7. So having regard to all those circumstances we think the Crown's conclusions are correct and you are sentenced in accordance with those conclusions on the First Indictment to 1 month's youth detention. On the Second Indictment there will be no separate penalty. On the Third Indictment to 9 month's youth detention; on the Fourth Indictment to 1 week's youth detention and on the Fifth Indictment to 1 month's youth detention, and they will all run concurrently making a total of 9 month's youth detention, and we direct that you are to be held for that purpose in an appropriate place of custody.
8. The previous Probation Orders are now revoked in the light of the sentence which is imposed, and I am required to warn you under the 2014 Law that you will be subject to a period of supervision by the Probation Service following your release from Youth Detention.
9. In addition, we are going to impose a Restraining Order which will be in the terms recommended by the Crown, but for a shorter period of 2 years rather than 3 years. The Restraining Order is that you are
"1. prohibited from approaching or contacting, directly or indirectly, the victim, other than any contact which is inadvertent or unavoidable.

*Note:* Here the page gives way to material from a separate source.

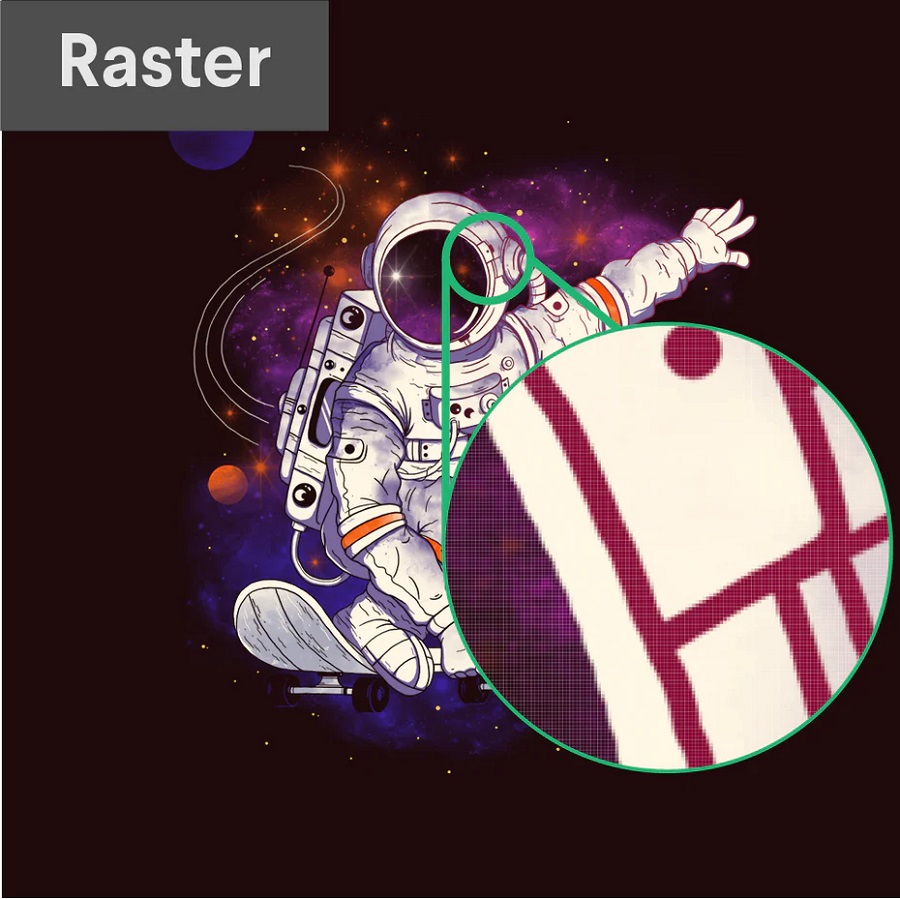 Raster là định dạng mặc định của hình ảnh, video. Raster rất phù hợp để sử dụng trong illustration hay chỉnh sửa hình ảnh bởi sự chi tiết. Tuy nhiên không nên sử dụng raster cho những thiết kế cần độ phân giải cao như logo hay sản phẩm in ấn.

2. The defendant is prohibited from entering any part of the premises known to him to be the home address of the victim, or from loitering outside the property. In respect of the current address, the defendant is prohibited from entering a named road.
3. If the defendant sees or comes into contact with the victim in any public or private place, he must take immediate action to avoid any breach of this Order"
I must warn you that if you do breach this order, you are liable to be brought back to this Court and sentenced to a period of youth detention or to a fine.
10. We consider that there is an opportunity for you in Greenfields to put your life back on track. It is quite important that you listen to this, and I can see that you do not want to, but it is quite important that you do because you are only 15. Your life stretches out ahead of you and you will have choices to make in that life. Nobody else can make these choices but you; nobody else can do that only you can, and you can continue on the course you are on which we are all concerned will possibly lead you to spending a long time in custody in the future, or you can take control of your life with the assistance which you are offered and you will get that assistance in Greenfields and actually it has been seen before that your conduct improved while you were there. I just want you to think about that. You can take the sentence imposed today as being just another example as the authorities coming down on you but actually it is being imposed because you have done wrong and when you do wrong this is what happens. Only you can learn that lesson, only you can do that, and I just urge you to think about that, not under the stress of this court room but when you have a moment of peace and quiet to do so.
11. For the avoidance of doubt the presence of foster parents and mother here in this court has been noted and I am sure that the Defendant will appreciate your support.